Right, and SRV isn't something you'd use for a service that it makes sense to 
configure using DHCP.   Nor is NAPTR.   I would argue that if it makes any 
sense at all for there to be a SRV record, that's a strong argument against 
using DHCP to configure that service.   But yes, if you can find an edge case 
where it does make sense to use DHCP, and a SRV record would work and would be 
useful, then that option should deliver an FQDN, not an IP address.

> 
>> 
>>> You agree that FQDN is would be a better design than IP for NTP ?
>> 
>> No.   I think the boxes that need NTP configuration via DHCP are most likely 
>> constrained devices, and that requiring them to do a DNS lookup in addition 
>> to the DHCP transaction is unnecessary.
> 
> This is not really a constrained device issue - it has to do with hosts that 
> don't have an IT administrator and need to just work. They might be 
> constrained, but right now my house has devices doing DHCP, DNS, and HTTP all 
> fitting in 12 k of flash, 512 bytes of ram, and an 8 bit processor at 16Mhz 
> so don't think that DNS needs to be big - probably not fully standards 
> compliant but it works. My house also has things like NAS, WiFI GW, TVs etc 
> that have pretty powerful computers yet still need to turn on and just work 
> with no administration. 

Right, and at the moment they almost certainly have their NTP server FQDNs 
hard-coded, and it works, and you don't even know it's working this way, 
because it's a solid solution in a home network.  The issue with DNS on 
constrained devices is that it's another packet round trip, and packets burn 
battery.   And there are constrained devices where adding another network 
protocol means less space for what the device needs to be doing.   But I tend 
to agree that if you can afford to put a DHCP client in a device, there's 
probably room for a DNS resolver as well.

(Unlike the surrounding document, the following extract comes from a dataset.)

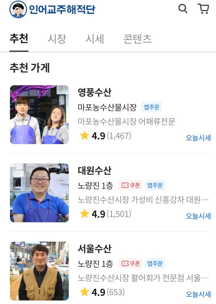 수산시장의 해산물 시세를 미리 볼수있는 필수앱,인어교주해적단

>>  Probably not a hugely bad thing, but that depends on the device.   A device 
>> with severe constraints probably isn't using DHCP anyway.
> 
> Seriously ? How do you think IPv4 constrained devices get an IP address?

When I say "constrained device," I really mean 6lowpan device.   Remember that 
this document is specifically about DHCPv6.

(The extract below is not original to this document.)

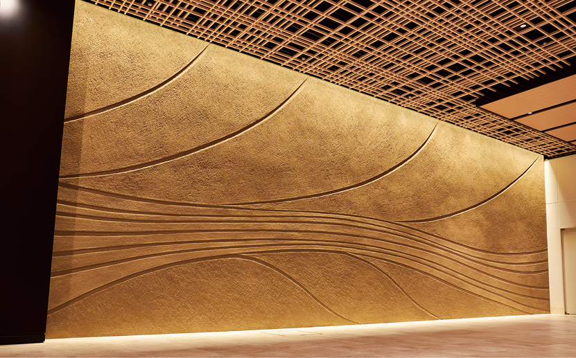 ・入口を進むと東京マイスター・久住有生氏による左官仕上げを施した壁がお出迎え。美しい仕上がりは圧巻

> Hmm - this is much more interesting - help me understand what part it does 
> not follow 3315. When it boots, it uses DHCP to find the address of a 
> configuration server. If it needs a configuration, it downloads that from the 
> configuration server. If it does not need a configuration, it does not 
> download it. I would not be shocked to find out that this was not following 
> 3315 but I think I can speak for at least most the folks doing this that they 
> did not know it was not consistent with 3315 and would be very interested in 
> hearing why. 

If you are using DHCP to provide the location of a configuration server, and 
you make a leap of faith with that server on first configuration, and never 
talk to it again, then you probably are in compliance with RFC3315.   If you 
take the value of a DHCP option and retain it forever, and do not take note of 
the fact that it has changed, then you are out of spec.   I was under the 
impression from reading your explanation that you were doing the latter.